Что случилось? Какую ошибку я допустил? Лет двадцать пять я не увлекался ни одним образцом женского пола. Я считал это пустой тратой времени, недостойной такого научного деятеля как я… Или я был бы недостоин увлечься кем-то, ведь я не поверил бы в это полностью: увлечение, - ну, хорошо! – любовь, ведь это лишено логики. Любовь (в частности, любовь мужчины к женщине и наоборот) – психическая болезнь, о лечении которой в научных трудах можно найти очень мало материала. Главное лекарство (или иммунитет) – сила воли. Но эта болезнь особенно пагубно влияет как раз на иммунитет больного – силу воли, что лишает его почти всякой надежды излечиться…

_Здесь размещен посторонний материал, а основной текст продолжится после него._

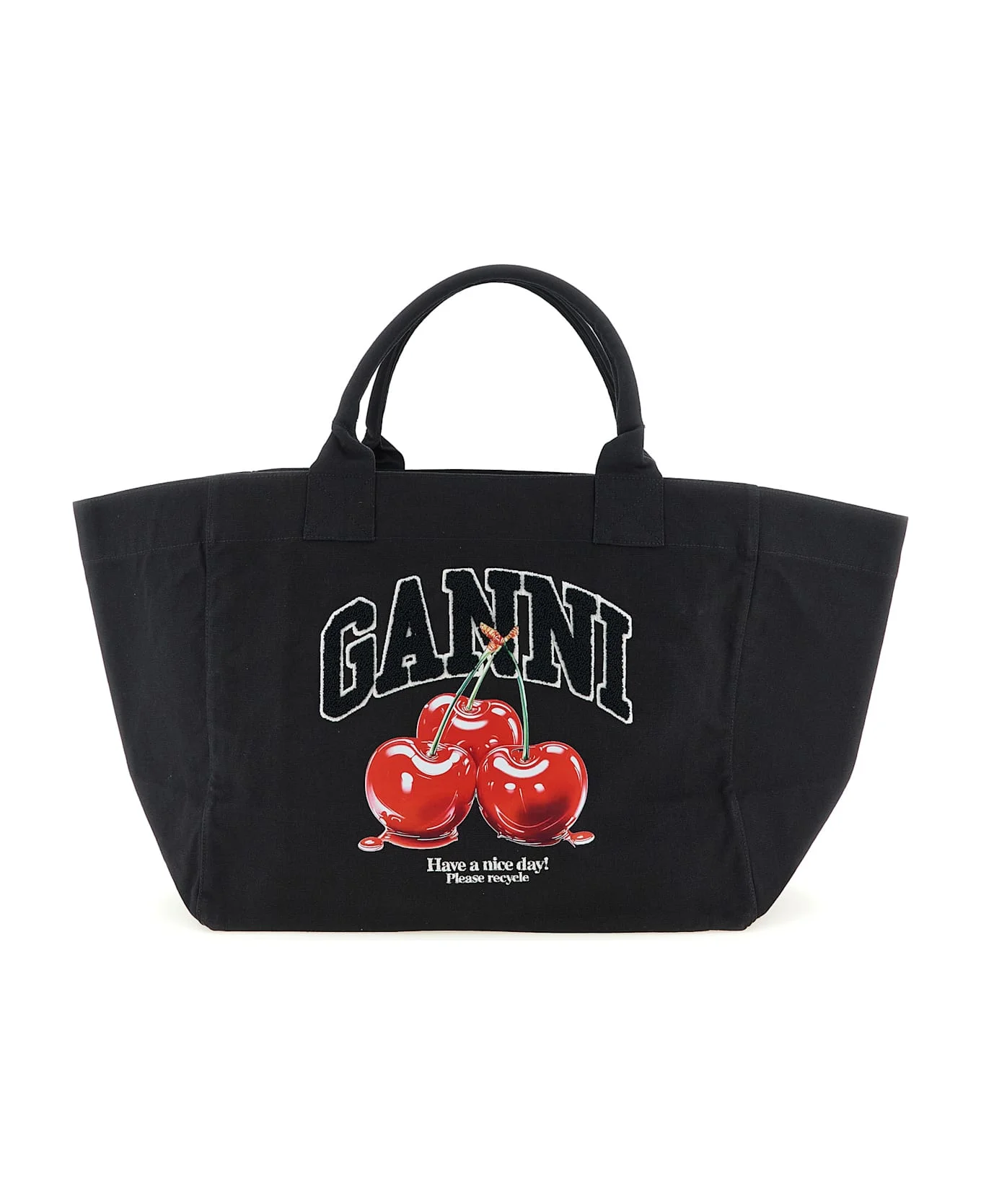 'Black XXL Cherry Tote' canvas shopping bag with front graphic print, double fixed handle. SUSTAINABLE: This product is made with recycled cotton. Composition: 100% recycled cotton Made in: India Color: Black Size and fit: - W 65 x H 36 x D 19 cm Model number: B2110037252

Я сумел найти логическое объяснение тому, почему я зациклился на Кристине (увлекся, влюбился – как угодно): в то время, когда она появилась передо мной, у меня был некий кризис из-за отсутствия новых идей. А тут появилась она, как внезапная новая мысль, простая и гениальная. Порой такой мысли приходится ждать долгие годы, следуя по кругу, где-то поблизости, просчитывая всевозможные варианты. Так возникали блестящие идеи многих изобретений… Но я-то совсем не этого ждал… Однако, не буду драматизировать, оставив это занятие для сентиментальных истеричек.
Новое число того же месяца
Кристина угадывает ход моих мыслей. Самое плохое – то, что она поняла, какими законами я руководствуюсь. Она заранее подготавливает материал, о котором я собираюсь говорить на лекции, чтобы вслух дополнять мои реплики. Я даже пытался выбирать темы не в том порядке, в каком они изложены в учебниках, конечно, так, чтобы все-таки сохранялся логическая последовательность. Но Кристина словно была на шаг впереди меня со своим невозможным умом...

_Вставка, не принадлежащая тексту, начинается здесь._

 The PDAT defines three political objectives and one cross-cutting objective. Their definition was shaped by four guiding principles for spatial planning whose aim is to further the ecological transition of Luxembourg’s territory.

Она никогда не нуждалась в чьей-либо помощи. Когда в начале осени шел дождь, у нее всегда был с собой зонтик, когда выпал снег, у нее на ногах были сапожки с ребристой подошвой, чтобы не поскользнуться… Однажды, выйдя из университета почти одновременно с ней (то есть, я шел за ней намеренно), я увидел, что она как будто подвернула ногу, спускаясь по ступеням крыльца… Как же я был смешен в тот момент, когда бросился ей на помощь, а оказалось, что она всего лишь уронила перчатку и нагнулась, чтобы ее поднять… Кристина надеется всегда только на свои силы. Кого-то провожают в университет, встречают после лекции, поддерживают под руку, спускаясь по лестнице, подсказывают на контрольной работе… А она держится обособлено от всех, сама может справиться с любой ситуацией.
Сегодня я загадывал студентам головоломки. Вот одна из них: поставить в ряд чисел пропущенное число (вместо трех точек): 245, 125, 65,…, 20, - разгадав их взаимосвязь. Кристина первой назвала ответ: «35». Я просил обосновать. Одна выскочка нашла, что сказать: «Все эти числа делятся на пять» - «Но ведь на пять делятся и другие числа: 40, 30», - заметил я. Кристина объяснила: «Если сумму каждого из этих чисел и числа пять разделить на два, то получается число, стоящее в ряду следующим».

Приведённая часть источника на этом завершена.